🤖 AI Summary
Existing 5G network simulators struggle to accurately reproduce the dynamic feedback between commercial base station schedulers and applications, leading to significant discrepancies between simulated and real-world behavior. This work proposes a machine learning–based, high-fidelity 5G simulation framework that leverages high-resolution network telemetry data to learn base station scheduling policies, dynamically predicting resource block allocation and modulation schemes. It further incorporates a traffic inversion model to reconstruct background user traffic, enabling, for the first time, multi-client scheduler behavior emulation. Implemented as a high-performance Linux middlebox, the framework reduces simulation errors by 55%, 57%, and 51% for key performance indicators—web page load time, WebRTC bitrate, and cloud gaming one-way latency, respectively—substantially narrowing the gap between traditional trace-based simulation and real network conditions.
📝 Abstract
Current and future applications demand ultra-low latency and consistent throughput, yet frequently traverse 5G cellular networks, so cope with volatile packet dynamics, as 5G base station schedulers dynamically react to user workloads and wireless channel conditions.
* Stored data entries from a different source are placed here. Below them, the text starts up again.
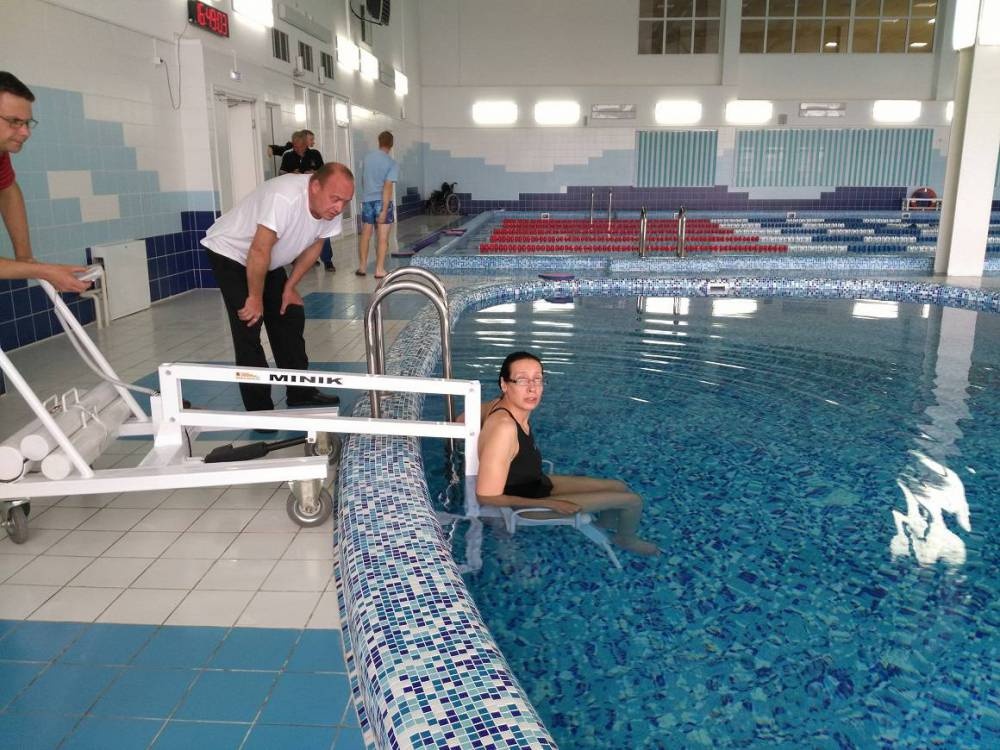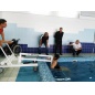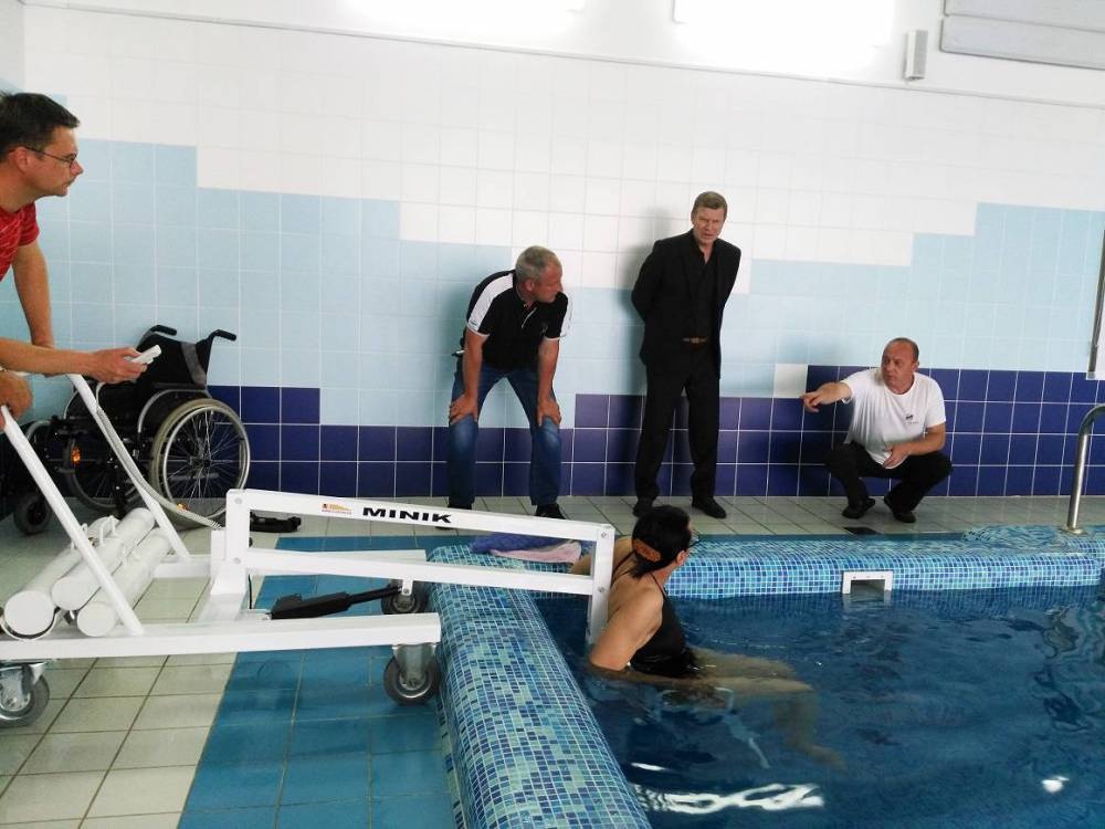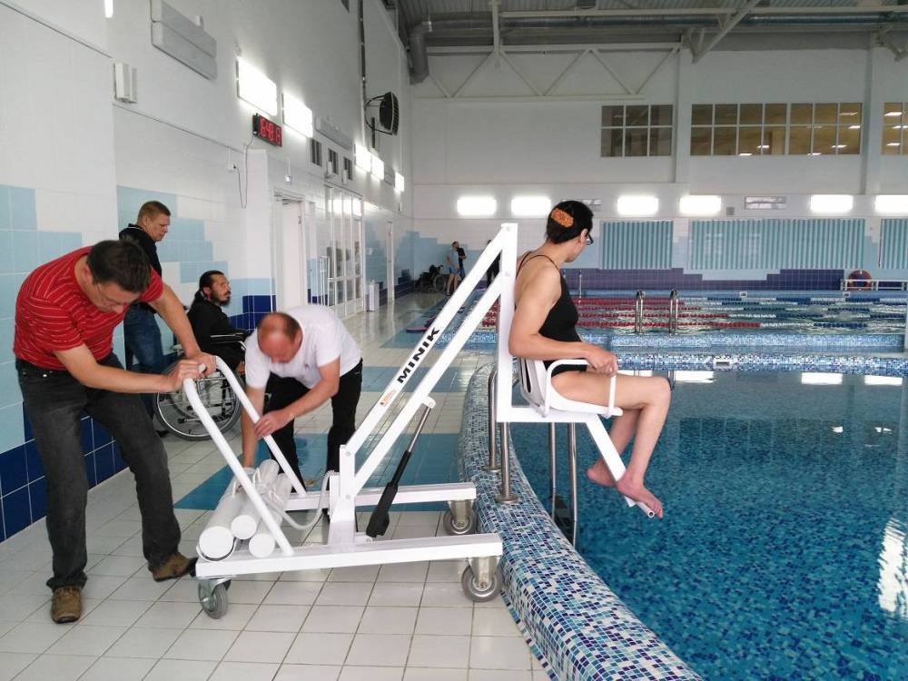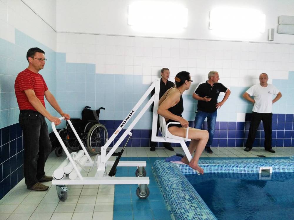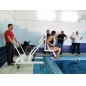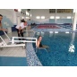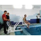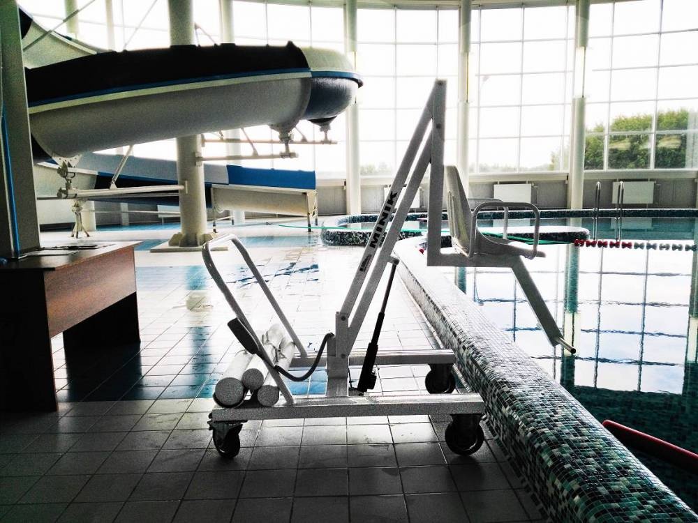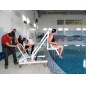 Мобильный подъёмник с противовесом для перемещения инвалидов и лиц пожилого возраста в бассейн. Оборудование оснащено низковольтным электроприводом, не требует монтажа, отличается манёвренностью и простотой управления. Опускает в воду через парапет на глубину 60 см. Автономный блок питания рассчитан на 30 спусков и поднятий.
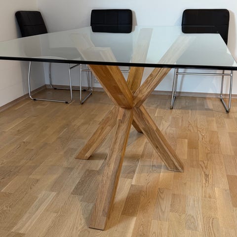 Abbetved skrivebord fra Jysk med eikefarget bordplate og svart ben i stål. Har to åpne rom for oppbevaring og en skuff. Pent brukt med kun noen få riper i skuffen. Ny pris var 1399 nok.
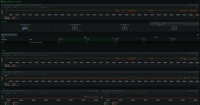 - Сетевой трафик: статистика по сетевым интерфейсам – входящая и исходящая скорость (байт/с), количество пакетов, ошибки и отбрасывания пакетов. Это позволит контролировать нагрузку на сеть, обнаруживать аномально высокий трафик или проблемы с сетью.
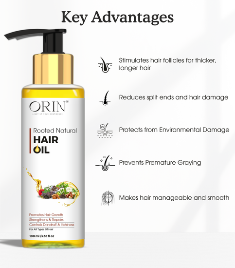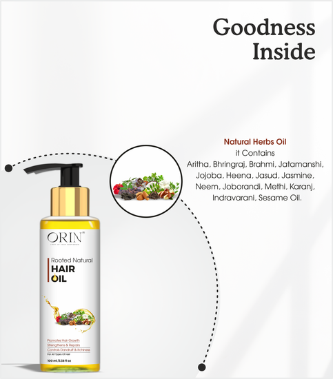 Orin Rooted Natural Hair Oil is a nourishing and strengthening hair oil made with a blend of natural botanical extracts and essential oils to promote healthy scalp, reduce hair fall, and enhance hair growth.

The task of evaluating network algorithms in these environments is hamstrung by current tools: record-and-replay emulators sever the feedback interaction that exists between application end points and a commercial operator's proprietary 5G scheduler, while full-stack simulators rely on overly simplistic scheduling logic. To bridge this reality gap, we present NeuralEmu, a high-fidelity, machine learning-based emulation framework that learns complex 5G scheduler resource allocation behaviors directly from extremely high-resolution network telemetry tools. The first emulator to handle multiple clients, NeuralEmu utilizes machine learning to dynamically predict resource block allocations and modulation schemes based on instantaneous user buffer occupancy and channel states. To capture realistic cross-user contention, a traffic reconstruction model inverts cellular network scheduling results to recover the underlying traffic patterns of uncontrolled background users. Implemented as an high-performance Linux middlebox emulator, NeuralEmu reduces emulation error relative to the state of the art for various network applications including but not limited to 55% for web-page load time, 57% for WebRTC encoder bit rate, and 51% for cloud gaming packet one-way delay, providing an accurate, standardized testing ground for tomorrow's real-time interactive network protocols and applications.